#### [What needs to be done]
For each line below that holds the word "into", make a copy.

#### [Input for this task]
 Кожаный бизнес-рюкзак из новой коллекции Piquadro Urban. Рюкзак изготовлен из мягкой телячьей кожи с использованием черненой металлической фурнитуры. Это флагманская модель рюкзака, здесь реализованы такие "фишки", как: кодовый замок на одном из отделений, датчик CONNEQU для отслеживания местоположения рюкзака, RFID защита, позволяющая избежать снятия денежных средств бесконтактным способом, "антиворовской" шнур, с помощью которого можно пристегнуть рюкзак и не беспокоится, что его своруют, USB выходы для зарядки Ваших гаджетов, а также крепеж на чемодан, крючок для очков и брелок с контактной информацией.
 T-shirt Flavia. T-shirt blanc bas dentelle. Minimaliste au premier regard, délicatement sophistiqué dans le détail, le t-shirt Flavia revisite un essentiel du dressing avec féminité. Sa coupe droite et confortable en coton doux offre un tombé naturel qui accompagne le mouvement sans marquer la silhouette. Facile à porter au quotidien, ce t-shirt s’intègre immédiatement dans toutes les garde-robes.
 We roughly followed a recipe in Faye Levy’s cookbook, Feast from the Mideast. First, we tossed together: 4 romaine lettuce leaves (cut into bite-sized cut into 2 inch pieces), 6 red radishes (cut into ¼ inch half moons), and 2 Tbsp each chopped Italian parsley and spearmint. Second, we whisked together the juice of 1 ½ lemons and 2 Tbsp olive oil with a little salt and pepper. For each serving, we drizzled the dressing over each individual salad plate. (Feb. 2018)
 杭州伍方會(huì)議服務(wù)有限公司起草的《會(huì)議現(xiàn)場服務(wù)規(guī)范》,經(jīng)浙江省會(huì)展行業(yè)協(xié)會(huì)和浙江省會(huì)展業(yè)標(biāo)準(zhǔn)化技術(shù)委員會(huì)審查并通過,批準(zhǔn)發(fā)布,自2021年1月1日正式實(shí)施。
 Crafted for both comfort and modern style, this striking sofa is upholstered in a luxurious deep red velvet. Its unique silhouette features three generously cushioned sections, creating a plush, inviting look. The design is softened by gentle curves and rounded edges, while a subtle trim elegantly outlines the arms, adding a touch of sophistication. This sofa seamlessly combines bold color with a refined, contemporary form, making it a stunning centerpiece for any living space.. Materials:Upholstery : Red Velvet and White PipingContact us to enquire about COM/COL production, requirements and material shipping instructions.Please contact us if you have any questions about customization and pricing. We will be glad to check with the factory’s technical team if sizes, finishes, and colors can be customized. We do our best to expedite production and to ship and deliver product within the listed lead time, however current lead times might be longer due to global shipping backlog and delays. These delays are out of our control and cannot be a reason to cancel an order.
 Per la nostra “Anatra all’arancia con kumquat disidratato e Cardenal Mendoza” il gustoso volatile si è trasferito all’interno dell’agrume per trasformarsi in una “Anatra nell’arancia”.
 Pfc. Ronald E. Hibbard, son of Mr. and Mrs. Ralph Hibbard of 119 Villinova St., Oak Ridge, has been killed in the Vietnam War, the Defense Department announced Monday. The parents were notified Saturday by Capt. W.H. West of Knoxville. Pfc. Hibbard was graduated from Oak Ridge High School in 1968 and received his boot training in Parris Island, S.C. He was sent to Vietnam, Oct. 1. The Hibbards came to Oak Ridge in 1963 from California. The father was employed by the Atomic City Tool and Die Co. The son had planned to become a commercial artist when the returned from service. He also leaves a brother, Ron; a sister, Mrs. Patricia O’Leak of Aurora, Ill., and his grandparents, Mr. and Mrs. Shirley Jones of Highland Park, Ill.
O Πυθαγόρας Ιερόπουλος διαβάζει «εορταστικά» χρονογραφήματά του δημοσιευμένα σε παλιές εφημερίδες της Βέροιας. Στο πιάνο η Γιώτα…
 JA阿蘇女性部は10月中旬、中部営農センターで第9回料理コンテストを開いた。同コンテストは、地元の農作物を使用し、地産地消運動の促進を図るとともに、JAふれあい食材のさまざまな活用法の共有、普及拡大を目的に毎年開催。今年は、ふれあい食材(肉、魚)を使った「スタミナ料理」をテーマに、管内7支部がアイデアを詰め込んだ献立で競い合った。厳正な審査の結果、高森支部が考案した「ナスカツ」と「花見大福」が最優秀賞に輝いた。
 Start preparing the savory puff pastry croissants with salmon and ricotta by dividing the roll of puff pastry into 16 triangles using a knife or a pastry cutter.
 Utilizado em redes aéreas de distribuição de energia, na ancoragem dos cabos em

#### [Solution for this problem]
 We roughly followed a recipe in Faye Levy’s cookbook, Feast from the Mideast. First, we tossed together: 4 romaine lettuce leaves (cut into bite-sized cut into 2 inch pieces), 6 red radishes (cut into ¼ inch half moons), and 2 Tbsp each chopped Italian parsley and spearmint. Second, we whisked together the juice of 1 ½ lemons and 2 Tbsp olive oil with a little salt and pepper. For each serving, we drizzled the dressing over each individual salad plate. (Feb. 2018)
 Start preparing the savory puff pastry croissants with salmon and ricotta by dividing the roll of puff pastry into 16 triangles using a knife or a pastry cutter.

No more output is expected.